The sale price was decided at 65,000 won, the maximum of the desired range. Through this public offering, SK Bioscience will raise KRW 1,491.8 billion. The funds guaranteed by the public offering will focus on investment in facilities, the acquisition of platform technology and research and development (R&D).
How can I get one more week?
To receive one more share of the public offering, the most advantageous way is to subscribe all the available securities companies with the minimum number of subscriptions. Starting this year, the subscription distribution system for public offering shares has changed from a proportional method to “equal 50% + 50% proportional”.
Equitable allocation is a method of distributing half of the public offering shares that are shared by individual investors to whom they have subscribed. Of course, according to the modified public offering share distribution system, if there is a large underwriting margin, additional allotments may be received on a pro rata basis.

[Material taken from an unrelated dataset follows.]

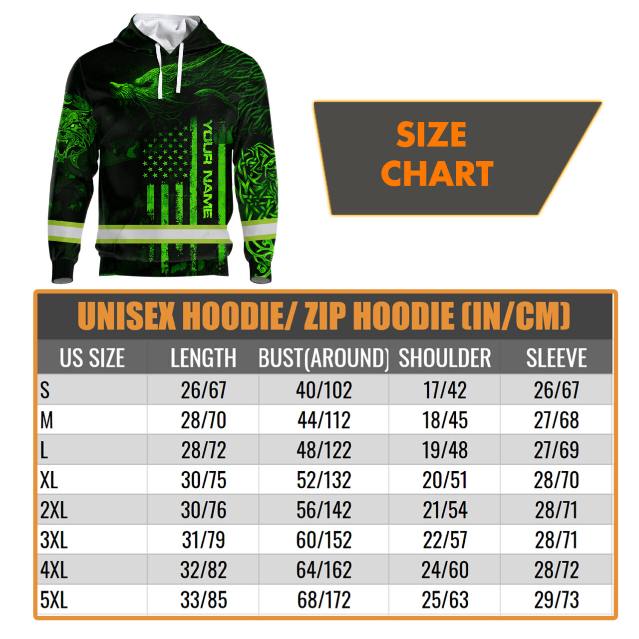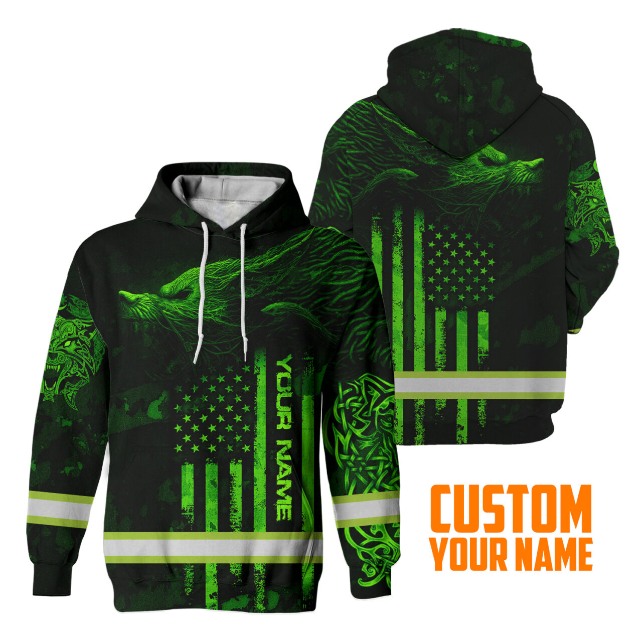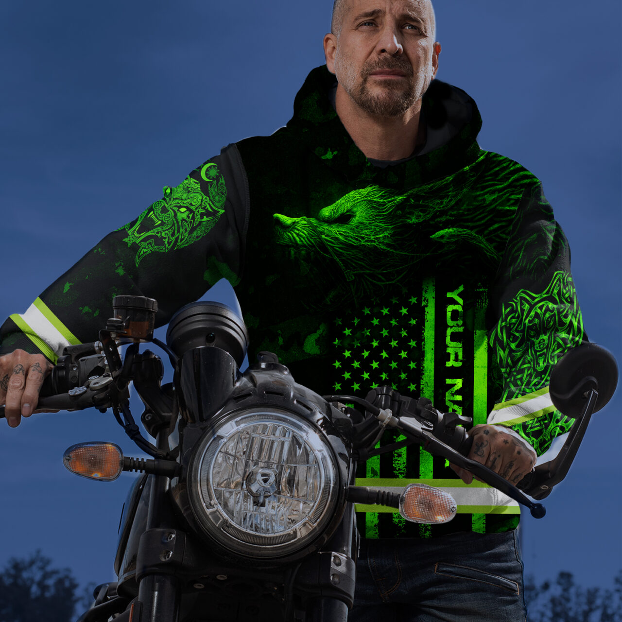 Safety Hoodies For Men Tapes Green Viking Custom Name Safety Workwear For Workers, Runners, Cyclists

Since SK Bioscience’s public offering price is determined to be 65,000 won, which is the highest, 325,000 won must be placed as margin for at least 10 weeks of subscription. If the margin is small, this means that it is more advantageous to subscribe to multiple accounts in a minimum unit rather than concentrating on a single brokerage firm. Even if you get the highest competition rate, you can get at least a week if you subscribe, so if you subscribe from a total of six locations, including the subscription organizer and subscription team, you can get at least six weeks.
If you have not insured all the accounts, it is more advantageous to do so with a brokerage firm that has the highest amount of allowance. This is because the higher the competition rate, the greater the difference in the number of shares that can be received with equal distribution.

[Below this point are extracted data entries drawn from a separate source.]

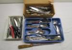 | Silverware selection with beverage tumblers and ice cream pint cooler. |
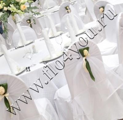 Оформление стульев - шапочка из белого фатина + бутоньерка из цветов.
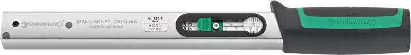Stahlwille 730 Quick, für Rechts- und Linksanzug. Ergonomisch und komfortabl; Verbesserte Zugänglichkeit und Betätigung des im Griff versenkten Klemmhebels. Optimierter Ballengriff für ermüdungsfreies Arbeiten. Die neue Konstruktion mit gegenüberliegenden, v-förmigen Einfassungen ermöglichen ein schnelles, exaktes Einstellen – auch bei ungünstigem Blickwinkel. Klickt bei Auslösung automatisch gut hör- und spürbar aus. Genauigkeit ±4%, mit Kalibrierschein gemäß DIN EN ISO 6789-2:2017. Robuste Konstruktion, Schnelleinstellung des Drehmoments mit Schieber und Arretierungstaste.
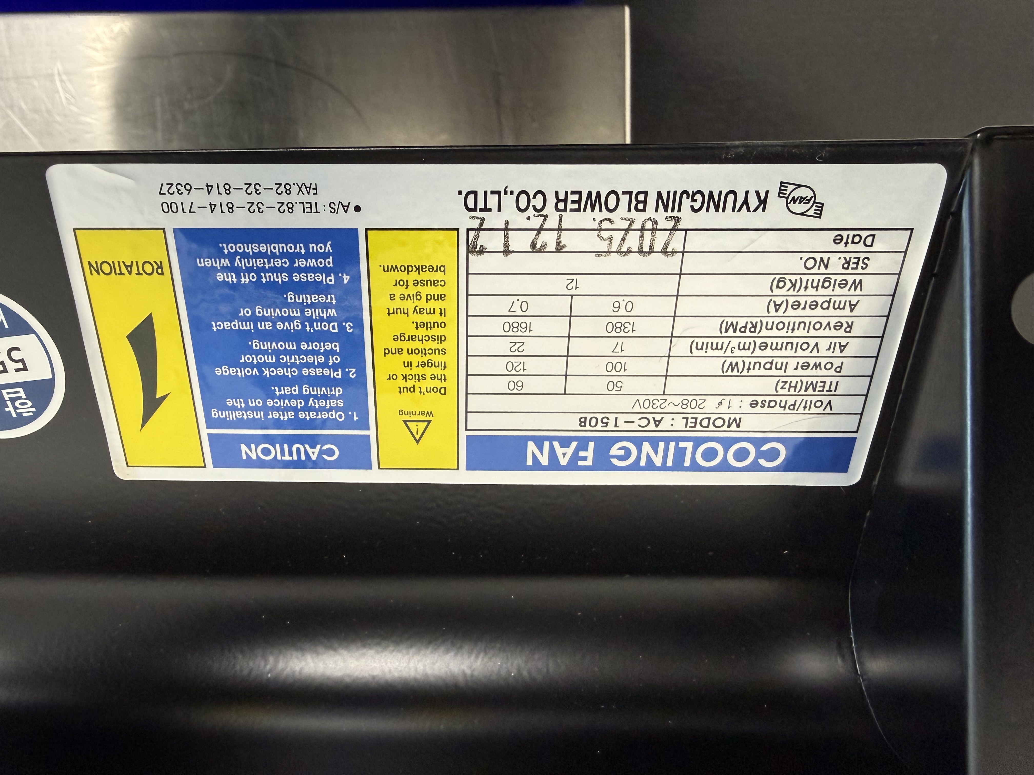 AC-150B-RIGHT / Cooling Fan / KYUNG JIN BLOWER

The representative organizer of the SK Bioscience IPO was NH Investment & Securities, which received the highest amount of 8,491500 shares. The co-organizers are Korea Investment & Securities (5,278,000 shares) and Mirae Asset Daewoo Securities (5,049,000 shares). Additionally, SK Securities (1,836,000 shares), Samsung Securities (1,475,500 shares) and Hana Financial Investment (1,475,500 shares) will participate as the acquisition team.
Is it possible? … SK Bioscience, as seen in the stock market,
SK Biosciences will go public on the 18th. On the day of the listing, the share price is 169,000 won when the initial price starts at double the public offering price and then hits the upper limit (as per). You can see a margin of 104,000 won per share. Considering that SK Bioscience’s share price is in the range of 200,000 won on the OTC market, there is the possibility of a further increase.
Previously, SK Biopharm, a subsidiary of the same group, posted an upper limit the day after the initial price was set at twice the public offering price on the first trading day, and posted an upper limit the next day.
SK Bioscience is evaluated as superior to SK Biopharm in terms of performance. In September of last year, sales were 158.6 billion won and operating profit was 26.8 billion won. The net profit also recorded 23 billion won. Profits are expected to increase significantly with consignment production of a new vaccine against coronavirus infection (Corona 19).
Additionally, SK Bioscience is researching and developing various vaccines, such as the Flu Vaccine, Shingles Vaccine, Varicella Vaccine, and Corona 19 Vaccine, and there are high expectations in the field of biopharmaceutical shipments production ( CMO) and Shipping Development Production (CDMO).
Lee Hye-rin, a researcher at KTB Investment & Securities, said: “With the Corona 19 pandemic, global vaccine manufacturers and business opportunities will expand, which will be a factor in raising the price (valuation) of stocks in compared to earnings. ” I can wait for the last name, “he said.